São Paulo e Bahia foram
os dois braços fortes que me ampararam na provação. Minha dívida para com
ambos é sagrada e irresgatável. Era do seio afetuoso da Bahia, terra mãe do
Brasil, que me chegavam os brados de incitamento para a luta; e dos celeiros
fartos e generosos de São Paulo vinha a maior parte do meu pão.
Em seu território vivem
os meus melhores amigos e do santuário do seu afeto subiram para Deus, em
favor do escritor humilde e enfermo, as preces mais comovedoras e mais
sinceras, as quais não lhe iluminaram apenas as estradas pedregosas da Vida,
mas constituíram igualmente uma lâmpada suave no seu caminho da Morte.
Ignoro quando o Senhor
resolverá o retorno do meu espírito aos tormentos da Terra, mas quero, antes
de meditar nos calabouços da carne, falar do reconhecimento do meu coração.
Todas as coisas do Brasil
falam particularmente à nossa alma: Piratininga é, porém, o poema de ouro e
de aço das energias do seu povo. Sua história, dentro da história da
Pátria, é uma afirmação gloriosa de heroísmo sagrado. O mesmo espírito de
liberdade e de autonomia, que nos primórdios de sua organização lhe motivou
o desejo de aureolar a fronte de Amador Bueno com uma coroa de rei,
emancipando-se da sua condição subalterna, trabalha hoje, como trabalhou no
passado, para eternizar com o braço realizador a epopéia da sua grandeza.
Entre as energias moças
da terra há um delírio contagioso de ação e de trabalho. O esforço
carinhoso do homem une-se à exuberância da seiva e São Paulo - desfralda,
nas linhas vanguardeiras, o lábaro do seu progresso e das suas conquistas.

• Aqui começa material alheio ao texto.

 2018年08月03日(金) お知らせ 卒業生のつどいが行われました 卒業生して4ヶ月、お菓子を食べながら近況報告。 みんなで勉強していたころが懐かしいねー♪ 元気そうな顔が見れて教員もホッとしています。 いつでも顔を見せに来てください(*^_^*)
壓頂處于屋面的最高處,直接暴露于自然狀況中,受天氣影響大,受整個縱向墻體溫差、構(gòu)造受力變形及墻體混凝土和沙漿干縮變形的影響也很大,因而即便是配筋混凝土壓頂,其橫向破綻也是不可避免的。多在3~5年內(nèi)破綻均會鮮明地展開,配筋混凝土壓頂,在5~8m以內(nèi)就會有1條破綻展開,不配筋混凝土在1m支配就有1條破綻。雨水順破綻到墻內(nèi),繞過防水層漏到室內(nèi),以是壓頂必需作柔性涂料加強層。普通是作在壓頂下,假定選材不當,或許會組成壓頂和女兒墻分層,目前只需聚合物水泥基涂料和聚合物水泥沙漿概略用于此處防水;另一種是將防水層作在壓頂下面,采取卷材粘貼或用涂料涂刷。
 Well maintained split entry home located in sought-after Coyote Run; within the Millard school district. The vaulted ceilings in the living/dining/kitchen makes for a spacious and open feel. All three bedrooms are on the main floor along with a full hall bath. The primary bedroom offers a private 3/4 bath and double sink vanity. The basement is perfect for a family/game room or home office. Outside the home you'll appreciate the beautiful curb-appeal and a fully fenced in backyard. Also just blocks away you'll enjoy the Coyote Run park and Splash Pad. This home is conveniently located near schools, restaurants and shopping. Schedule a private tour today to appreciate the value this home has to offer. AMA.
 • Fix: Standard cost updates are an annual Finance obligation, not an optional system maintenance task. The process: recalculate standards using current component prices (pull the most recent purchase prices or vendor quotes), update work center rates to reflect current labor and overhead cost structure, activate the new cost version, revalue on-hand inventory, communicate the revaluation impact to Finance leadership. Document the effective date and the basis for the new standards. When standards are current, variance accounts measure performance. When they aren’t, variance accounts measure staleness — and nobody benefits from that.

Do conforto de suas cidades modernas eleva-se para o céu a oração do labor
que Deus escuta, premiando-lhe a operosidade com as alegrias da fartura.
E dizem que Anchieta,
ainda hoje, em companhia daqueles que lançaram a primeira pedra na base do
glorioso edifício piratiningano, passeia, entre as bênçãos dos seus
cafezais e das suas estradas, enviando sagrada exortação aos que pelejam.

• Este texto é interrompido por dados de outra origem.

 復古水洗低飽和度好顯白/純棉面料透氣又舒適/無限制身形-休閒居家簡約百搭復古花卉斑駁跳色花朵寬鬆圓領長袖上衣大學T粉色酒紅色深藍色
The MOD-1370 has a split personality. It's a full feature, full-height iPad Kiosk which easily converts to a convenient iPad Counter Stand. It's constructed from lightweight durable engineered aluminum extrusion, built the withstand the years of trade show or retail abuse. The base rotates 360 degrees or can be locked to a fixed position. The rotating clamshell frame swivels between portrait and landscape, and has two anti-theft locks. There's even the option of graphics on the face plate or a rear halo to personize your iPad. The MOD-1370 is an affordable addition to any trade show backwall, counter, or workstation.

Ele, que soube aliar, no mundo, a energia do homem às virtudes do apóstolo
vê do espaço infinito, a sublimidade da sua obra, e quando se aproxima das
praias antigamente desertas e dos lugares onde as florestas desapareceram,
sob os milagres do progresso, as juritis morenas da terra fremem as asas de
arminho, tecendo um pálio inesperado para cobrir a fronte do homem
prodigioso que lhes levou a palavra do Evangelho.
Abençoam-no das alturas
os indígenas redimidos pela sua fraterna solicitude, e, sob a proteção
afetuosa das aves, Anchieta sorri, contemplando a sua Piratininga que
trabalha e floresce.
Sempre me referi às
coisas de São Paulo com o carinhoso enternecimento da minha admiração.
E agora, longe das
perturbações a que nos submete a carne, infligindo-nos a mais amargosa das
escravidões, posso apreciar melhormente as suas afirmações de grandeza.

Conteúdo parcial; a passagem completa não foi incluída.